(YOUR INSTRUCTIONS):
Copy only the lines between the one containing "园艺学院党委书记秦素玲宣读《" and the end of the records, both included, leaving out pictures.
----------
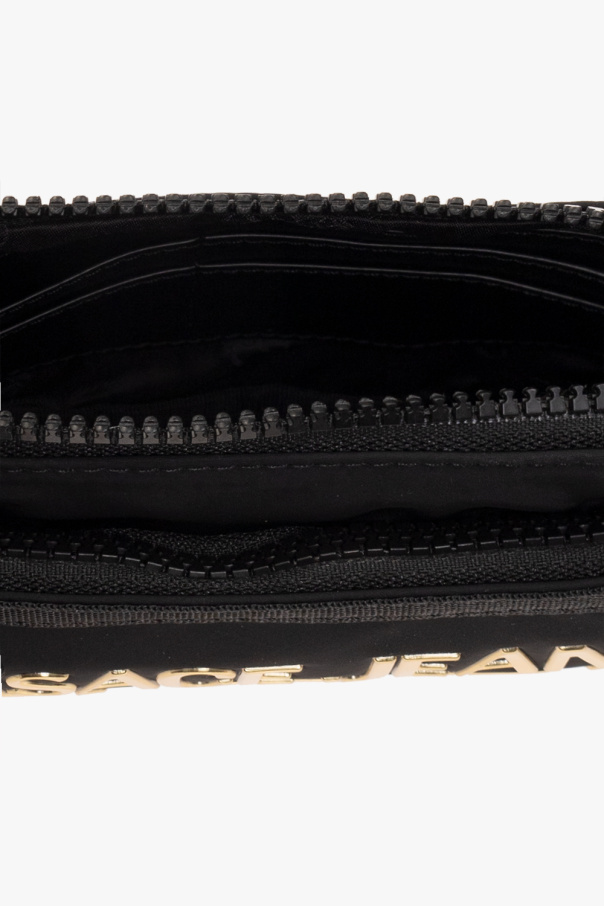 Black belt bag from Versace Jeans Couture. Emblazoned with a gold-tone rubber logo patch, this design features a zip fastening, a zip pocket on the front, an adjustable strap with a buckle and three separate compartments with six card slots inside.
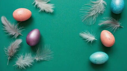 Decorative Easter Eggs On Vibrant Green Background Videos
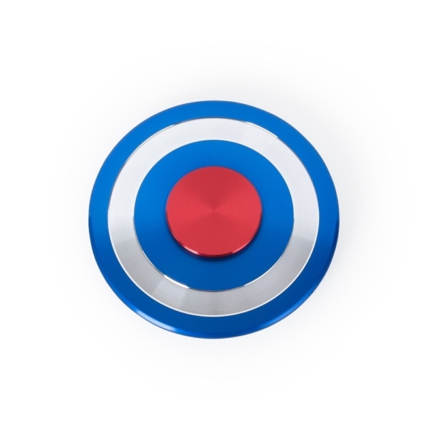 Spinner antiestresse escudo, material metálico. Com rolamento central, possui frente com detalhe espiral e verso com detalhe circular prata. Acompanha estojo metal com visor na tampa, parte interna revestida de espuma.
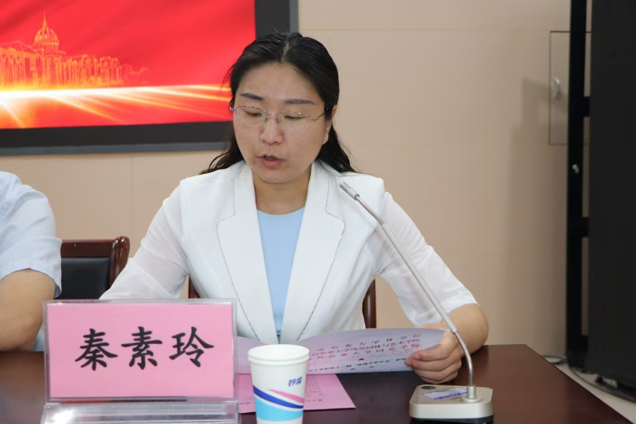 园艺学院党委书记秦素玲宣读《河南农业大学林学院、风景园林与艺术学院、园艺学院关于表彰第十三届“蒋建平奖学金”获得者的决定》。
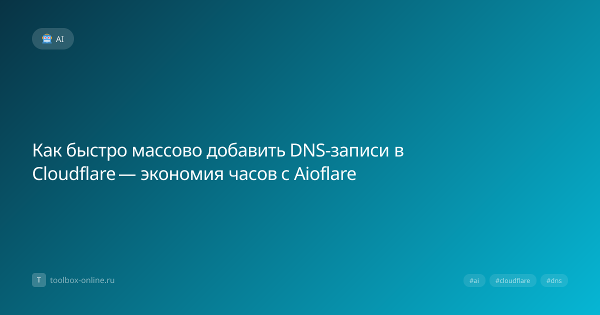 Массовое добавление DNS‑записей в Cloudflare можно выполнить за пару минут с помощью сервиса Aioflare, экономя до 90 % времени по сравнению с ручным вводом. Ответ: Для массового импорта достаточно подготовить CSV‑файл и загрузить его в Aioflare, после чего сервис автоматически создаст все записи в нужной зоне. Ответ: Aioflare автоматизирует процесс, исключая человеческие ошибки и позволяя добавить до 1 000 записей за один клик. В 2026 году сервис поддерживает более 20 типов DNS‑записей, включая новые SRV и CAA. При ручном вводе каждый тип требует отдельного окна, что в среднем занимает 30 секунд на запись. При массовом импорте время снижается до 0,1 секунды на запись. Ответ: Проверьте формат CSV и соответствие полей требованиям Cloudflare. Ответ: В Aioflare можно создать шаблоны, которые автоматически подставляют значения в зависимости от типа записи. Ответ: Бесплатный план позволяет импортировать до 200 записей в месяц, а платные пакеты расширяют лимиты и добавляют приоритетную поддер
----------
(SOLUTION TO THE EXERCISE):
 园艺学院党委书记秦素玲宣读《河南农业大学林学院、风景园林与艺术学院、园艺学院关于表彰第十三届“蒋建平奖学金”获得者的决定》。
 Массовое добавление DNS‑записей в Cloudflare можно выполнить за пару минут с помощью сервиса Aioflare, экономя до 90 % времени по сравнению с ручным вводом. Ответ: Для массового импорта достаточно подготовить CSV‑файл и загрузить его в Aioflare, после чего сервис автоматически создаст все записи в нужной зоне. Ответ: Aioflare автоматизирует процесс, исключая человеческие ошибки и позволяя добавить до 1 000 записей за один клик. В 2026 году сервис поддерживает более 20 типов DNS‑записей, включая новые SRV и CAA. При ручном вводе каждый тип требует отдельного окна, что в среднем занимает 30 секунд на запись. При массовом импорте время снижается до 0,1 секунды на запись. Ответ: Проверьте формат CSV и соответствие полей требованиям Cloudflare. Ответ: В Aioflare можно создать шаблоны, которые автоматически подставляют значения в зависимости от типа записи. Ответ: Бесплатный план позволяет импортировать до 200 записей в месяц, а платные пакеты расширяют лимиты и добавляют приоритетную поддер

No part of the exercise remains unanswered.